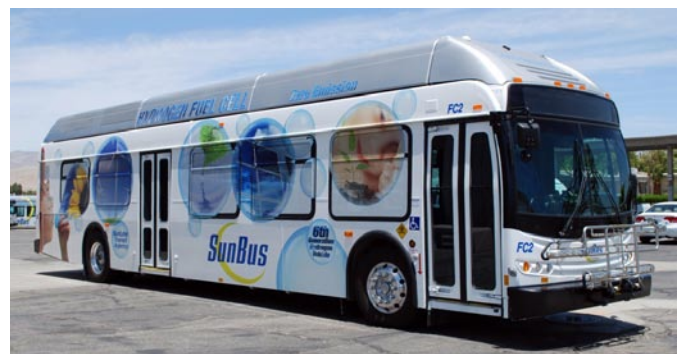
FIGURE 3. SunLine's Newest Fuel Cell Bus
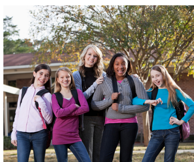
The peer led approach can help create a healthy positive culture for the whole school
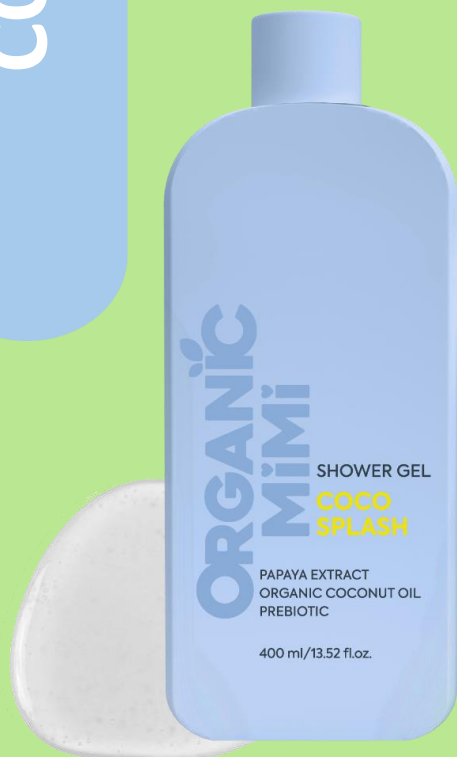
SHOWER GEL COCO SPLASH, 400 ml

::::::::

● **Activity**
Write the material out again exactly. Skip each picture.

● **Completed task**
FIGURE 3. SunLine's Newest Fuel Cell Bus
The peer led approach can help create a healthy positive culture for the whole school
SHOWER GEL COCO SPLASH, 400 ml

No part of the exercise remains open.